DataOps is intended to smooth the path to becoming a data-driven enterprise, but some roadblocks remain. This year, according to a new IDC InfoBrief sponsored by BMC, DataOps professionals reported that on average, only 58 percent of the data they need to support analytics and decision making is available. How much better would decision-making be, and how much business value would be created, if the other 42 percent of the data could be factored into decisions as intended? It seems logical to assume it would be almost twice as good!
That raises another question: Why can’t organizations get the data that they already have where they need it, when they need it? In most cases, the answer comes down to complexity.
A previous blog by my colleague, Basil Faruqui, introduced why DataOps is important. This one follows up to highlight what is needed. Spoiler alert: The ability to orchestrate multiple data inputs and outputs is a key requirement.
The need to manage data isn’t new, but the challenges of managing data today to meet business needs is changing very fast. Organizations now rely on more data sources than ever before, along with the technology infrastructure to acquire, process, analyze, communicate, and store the data. The complexity of creating, managing, and quality-assuring a single workload increases exponentially as more data sources, data consumers (both applications and people), and destinations (cloud, on-premises, mobile devices, and other endpoints, etc.) are included
DataOps is helping manage these pathways, but is also proving to have some limitations. The IDC InfoBrief found integration complexity is the leading obstacle to operationalizing and scaling DataOps and data pipeline orchestration. Other obstacles include a lack of internal skills and time to solve data orchestration challenges, and difficulty using the available tooling. That means that for complex workloads like those shown above, organizations can’t fully automate the planning, scheduling, execution, and monitoring because the complexity causes gaps, which in turn cause delays. This results in decisions being made based on incomplete or stale data, thus limiting business value and hampering efforts to becoming a data-driven enterprise.
Complexity is a big problem. It is also a solvable one. Orchestration, and more specifically, automating orchestration, are essential to reducing complexity and enabling scalability, unlike scripting and other workarounds. Visibility into processes, self-healing capabilities, and user-friendly tools also make complexity manageable. As IDC notes in its InfoBrief, “Using a consistent orchestration platform across applications, analytics, and data pipelines speeds end-to-end business process execution and improves time to completion.”
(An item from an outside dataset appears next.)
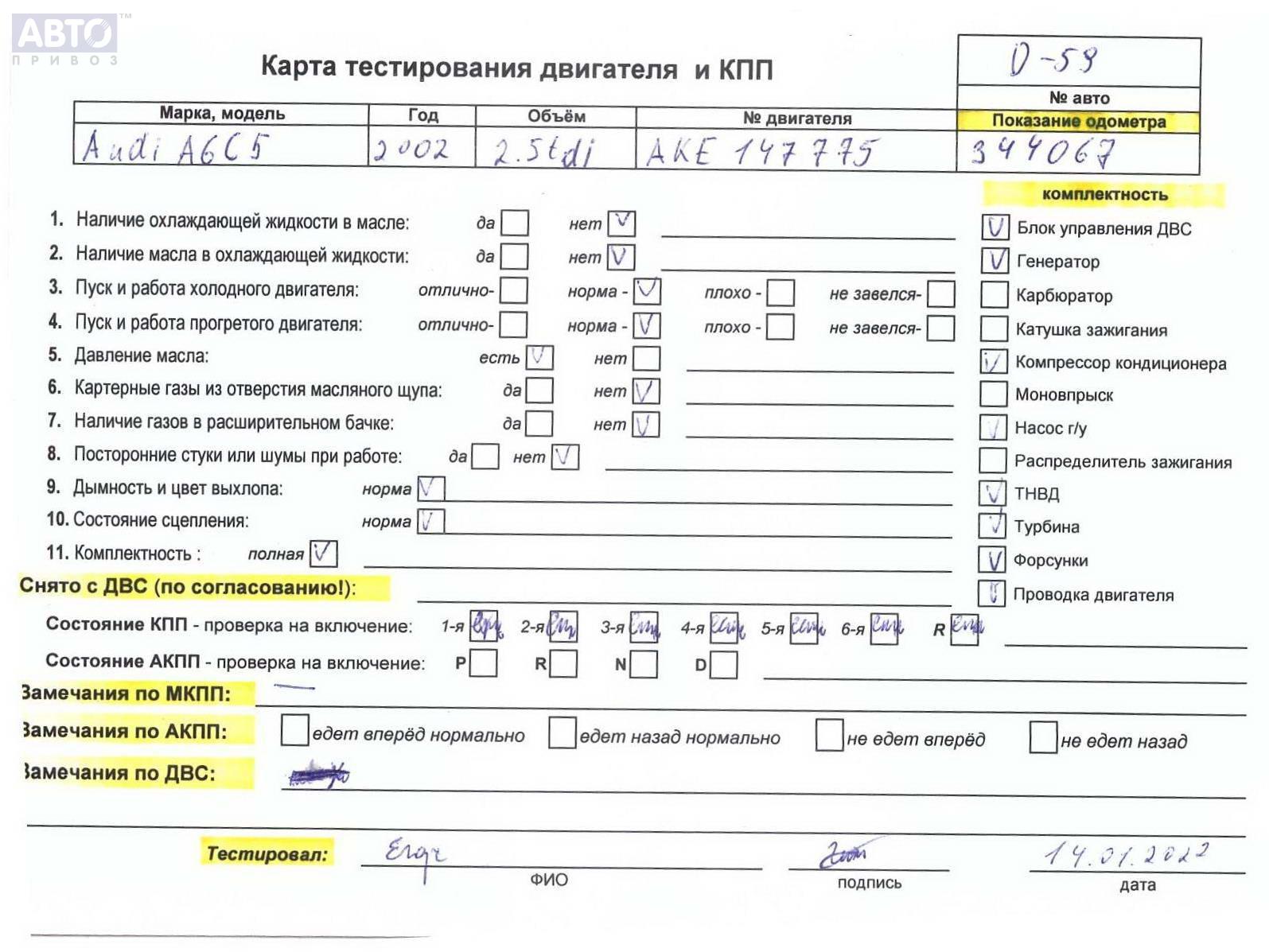 | Марка / Модель / Год: | Audi A6 C5 (1997-2005) 2002 |
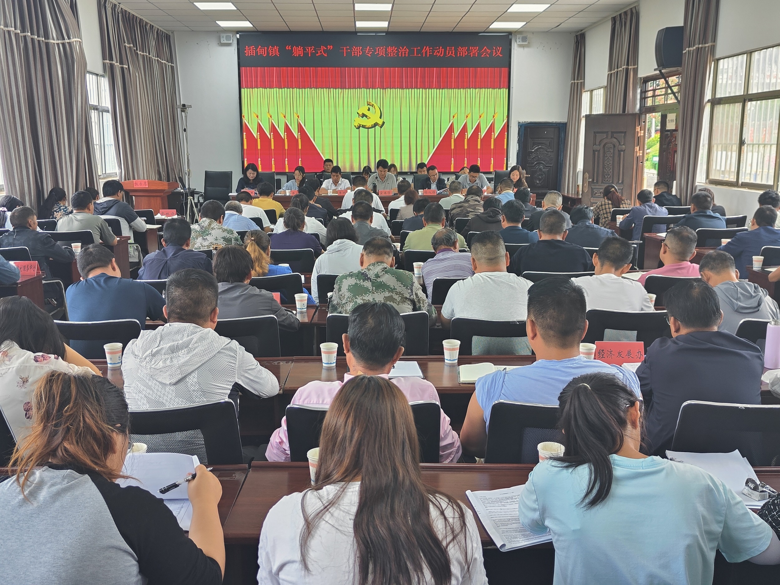 会议指出,开展“躺平式”干部专项整治,是贯彻落实中央和省州县党委要求的重大举措,是抢抓发展机遇、实现插甸高质量跨越式发展的根本保障,是转变干部作风、密切党群干群关系的迫切需要,是增强干事创业本领、提升执行力推动力发展力的现实选择。全镇上下务必高度重视,提高认识,迅速行动,把思想认识统一到中央和省委、州委、县委和镇党委的要求上来,把开展“躺平式”干部专项整治工作作为一项长期的重要政治任务,切实抓紧抓好抓出成效。

Some of the most important functionality that is needed to achieve orchestration includes:
- Built in connectors and/or integration support for a wide range of data sources and environments
- Support for an as-code approach so automation can be embedded into the deployment pipelines
- Complete workflow visibility across a highly diverse technology stack
- Native ability to identify problems and remediate them when things go wrong
Tooling that is specific to a software product, development environment, or hyperscale platform may provide some of that functionality, but typically isn’t comprehensive enough to cover all the systems and sources the workflow will touch. That’s one reason so many DataOps professionals report that tooling complexity hinders their efforts.
Control-M can simplify DataOps because it works across and automates all elements of the data pipeline, including extract, transform, load (ETL), file transfer, and downstream workflows. Control-M is also a great asset for DataOps orchestration because:
- It eliminates the need to use multiple file transfer systems and schedulers.
- It automatically manages dependencies across sources and systems and provides automatic quality checks and notifications, which prevents delays from turning into major logjams and job failures further downstream.
Here are a couple quotes from Control-M users that illustrate its value. A professional at a healthcare company said, “Control-M has also helped to make it easier to create, integrate, and automate data pipelines across on-premises and cloud technologies. It’s due to the ability to orchestrate between workflows that are running in the cloud and workflows that are running on-prem. It gives us the ability to have end-to-end workflows, no matter where they’re running.”
Another user, Railinc, said, “The order in which we bring in data and integrate it is key. If we had to orchestrate the interdependencies without a tool like Control-M, we would have to do a lot of custom work, a lot of managing. Control-M makes sure that the applications have all the data they need.” You can see the full case study here.
These customers are among the many organizations that have reduced the complexity of their DataOps through automation. The IDC InfoBrief compares enterprises that excel at DataOps orchestration to those that don’t and found advantages for the leaders in multiple areas, including compliance, faster decision-making and time-to-innovation, cost savings, and more.